Шахов указывает, что в религиозном знании содержатся догматы(в скобках придется заметить, что словом «догмат» он называет едва ли не любое религиозное утверждение) разных уровней — как принципиально не опровержимые, не фальсифицируемые (сюда относятся исключительно элементы учения непосредственно о Боге и о сверхъестественном), так и потенциально опровержимые (описывающие соприкосновение сверхъестественного и посюстороннего мира. К ним Шахов относит, например, учение о сотворении человека Богом, потенциально опровергаемое, на его взгляд, окончательным научным доказательством гипотезы о происхождении человека от обезьяны).
К тому же, констатирует автор, полного «адогматизма» и отсутствия «неприкасаемых» для критики положений нет не только в религии. Нет их и в науке, и ученый, дерзнувший, скажем, предложить новую модель вечного двигателя, рискует подвергнуться остракизму не менее строгому, нежели современный теолог-модернист в церкви.
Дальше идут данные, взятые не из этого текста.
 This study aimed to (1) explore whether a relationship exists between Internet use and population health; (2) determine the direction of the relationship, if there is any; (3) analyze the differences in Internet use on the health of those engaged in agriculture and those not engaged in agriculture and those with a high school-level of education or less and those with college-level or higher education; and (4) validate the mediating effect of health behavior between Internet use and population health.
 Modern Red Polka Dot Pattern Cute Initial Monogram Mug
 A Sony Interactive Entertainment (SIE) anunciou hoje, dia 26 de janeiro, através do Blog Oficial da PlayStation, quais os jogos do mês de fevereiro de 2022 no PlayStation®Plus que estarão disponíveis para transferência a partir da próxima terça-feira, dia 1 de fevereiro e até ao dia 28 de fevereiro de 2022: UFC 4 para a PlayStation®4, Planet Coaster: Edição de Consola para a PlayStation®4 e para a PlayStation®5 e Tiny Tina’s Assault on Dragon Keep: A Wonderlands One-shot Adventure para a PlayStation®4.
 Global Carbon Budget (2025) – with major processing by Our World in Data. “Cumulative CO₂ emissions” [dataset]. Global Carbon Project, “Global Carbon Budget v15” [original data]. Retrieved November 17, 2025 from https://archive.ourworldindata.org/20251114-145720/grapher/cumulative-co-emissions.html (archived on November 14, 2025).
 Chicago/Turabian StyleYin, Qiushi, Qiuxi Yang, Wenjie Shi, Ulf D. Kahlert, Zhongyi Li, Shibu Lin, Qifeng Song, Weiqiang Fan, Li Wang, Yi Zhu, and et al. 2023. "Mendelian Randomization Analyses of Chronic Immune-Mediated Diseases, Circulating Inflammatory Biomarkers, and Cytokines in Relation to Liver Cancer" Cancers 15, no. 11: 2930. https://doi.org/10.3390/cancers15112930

Что же говорить о том своего рода догматическом статусе, на который в мире науки претендует «методологический атеизм», «запрещающий» само допущение божественного вмешательства и по сей день остающийся, по выражению Шахова, абсолютно нефальсифицируемой, принципиально неопровержимой верой!
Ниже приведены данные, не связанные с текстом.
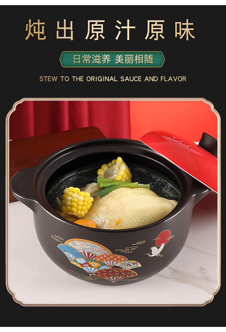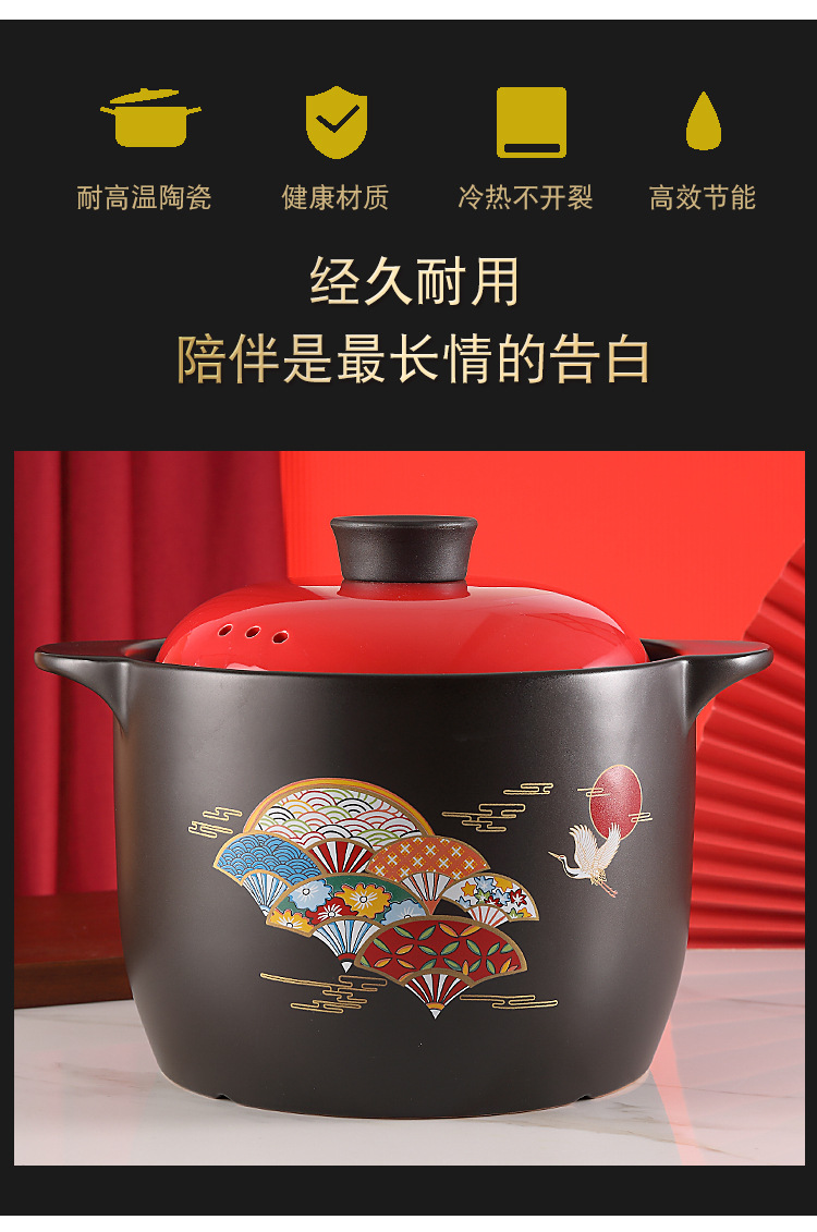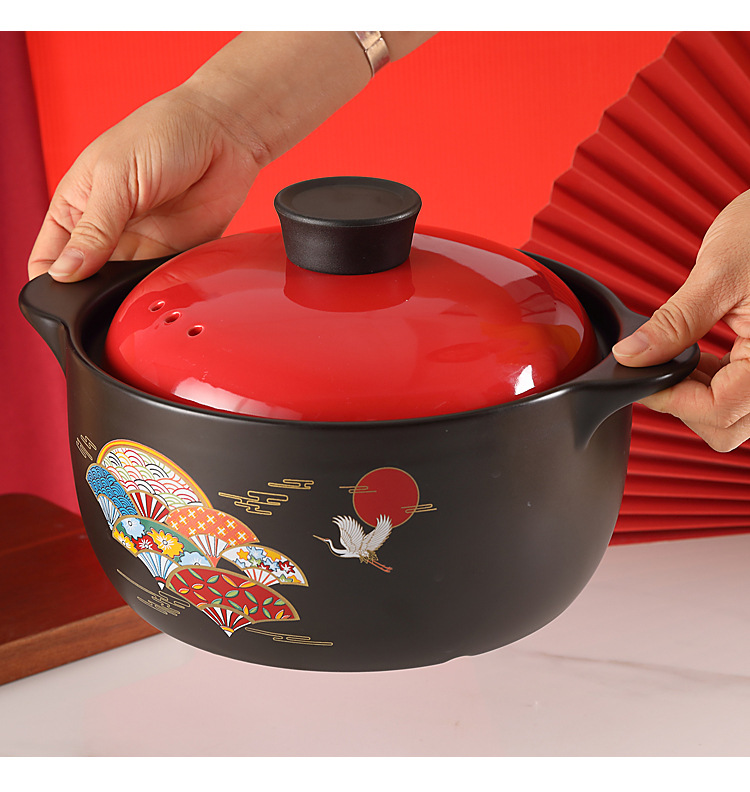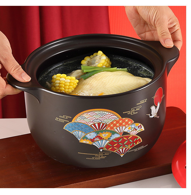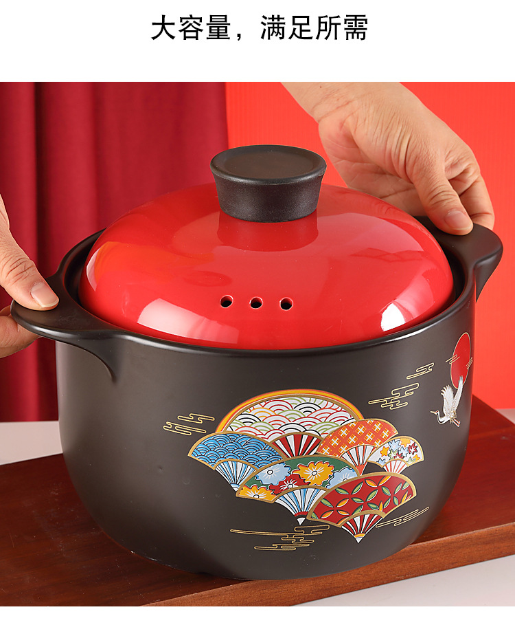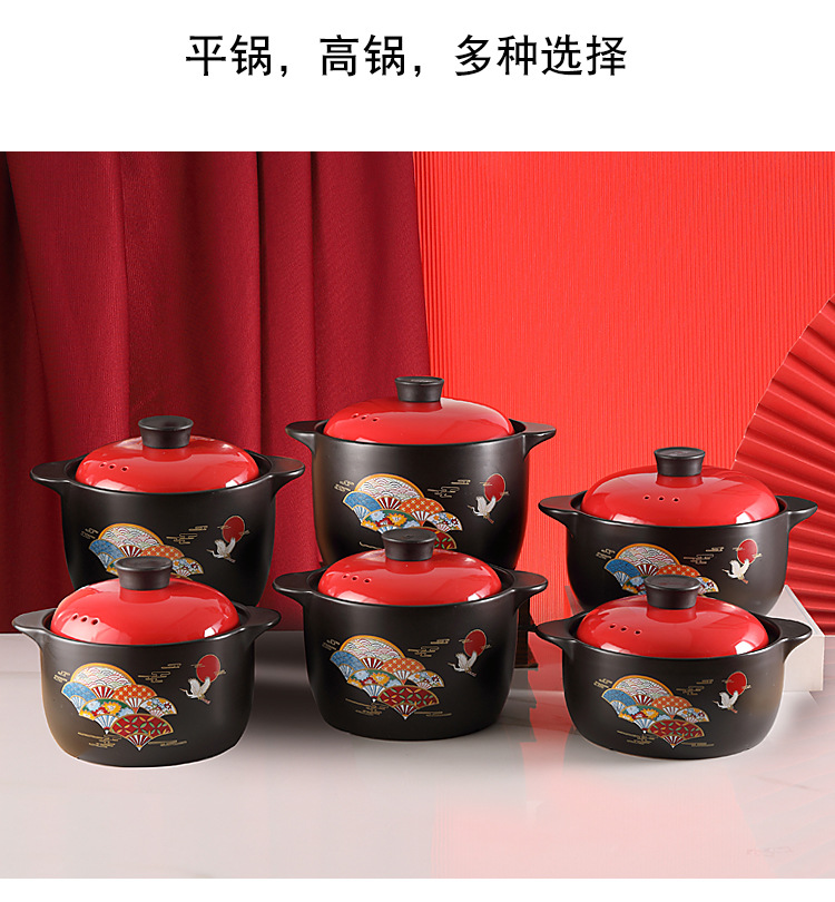 中国风砂锅煲汤家用明火干烧耐高温陶瓷煲炖锅酒店用大容量8L沙锅

В числе же существенных различий между наукой и религией Шахов называет методологические процедуры, обеспечивающие общее приятия того или иного знания в качестве истинного. Так, если наука стремится свести к минимуму число принимаемых на веру предпосылок, то теология содержание своего «кредо» расширяет и вводит в него вещи, самоочевидными не кажущиеся. За счет этого, считает Шахов, теология рисует более богатую и содержательную картину мироздания. И пусть, с точки зрения критического разума, такая картина более гипотетична, зато она может адекватно описывать реальность во всей ее полноте, чего не способна сделать обезбоженная, нерелигиозная наука.
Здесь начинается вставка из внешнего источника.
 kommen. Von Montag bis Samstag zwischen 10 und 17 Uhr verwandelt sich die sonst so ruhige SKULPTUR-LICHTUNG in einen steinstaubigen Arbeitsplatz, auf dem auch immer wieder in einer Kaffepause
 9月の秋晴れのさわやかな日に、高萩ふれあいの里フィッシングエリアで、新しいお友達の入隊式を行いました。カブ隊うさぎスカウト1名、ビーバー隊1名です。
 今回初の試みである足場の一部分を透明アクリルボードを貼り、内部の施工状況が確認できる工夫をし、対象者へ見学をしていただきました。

Итак, констатирует автор, в науке и религии обнаруживаются известные черты сходства, и строгого критерия, согласно которому «более обоснованное» научное знание жестко и однозначно отделялось бы от «менее обоснованного» религиозного, не существует. И все-таки мы способны более-менее удовлетворительно отличать эти области знания друг от друга, т. е. граница между ними, разумеется, есть, но она неявна. Надо заметить, что Шахов специально оговаривает: он вовсе не собирается эту границу стирать, в его намерения никак не входит расшатывать ту «ограду», которую возвела вокруг себя классическая наука, несомненно, обладающая набором особенностей, которые отграничивают ее от иных форм знания. Стало бы катастрофой, — пишет Шахов, — разрушение границы между научным знанием и так называемой паранаукой, псевдонаукой, равно как и религиозным знанием. Автор вполне отдает себе отчет в том, что оборотная сторона подобного стирания границ — опасность релятивизации всякого знания. Релятивизм же, настаивающий на плюрализме истин, принижает научное знание, лишает его статуса объективного и в соответствии с духом постмодернизма не признает за суждениями науки свойство соответствовать реальным объектам.
Но, как отмечает Шахов, релятивизм грозит не только науке. Набирает силу и тенденция провозглашать религиозное знание одним из многих, равно имеющих право на существование способов субъективного восприятия реальности. То есть категории истинности-ложности оказываются применимы тут не больше, чем в отношении художественного творчества. И перед лицом общей релятивистской атаки, пишет он, оказывается, что по своей самооценке теологияблизка к рационализму, к научному реализму, поскольку утверждает, что ее суждения о существующем соответствуют реальным объектам и их истинной природе, т. е. не являются плодом конвенциональных соглашений, не имеющих онтологической связи с описываемым объектом.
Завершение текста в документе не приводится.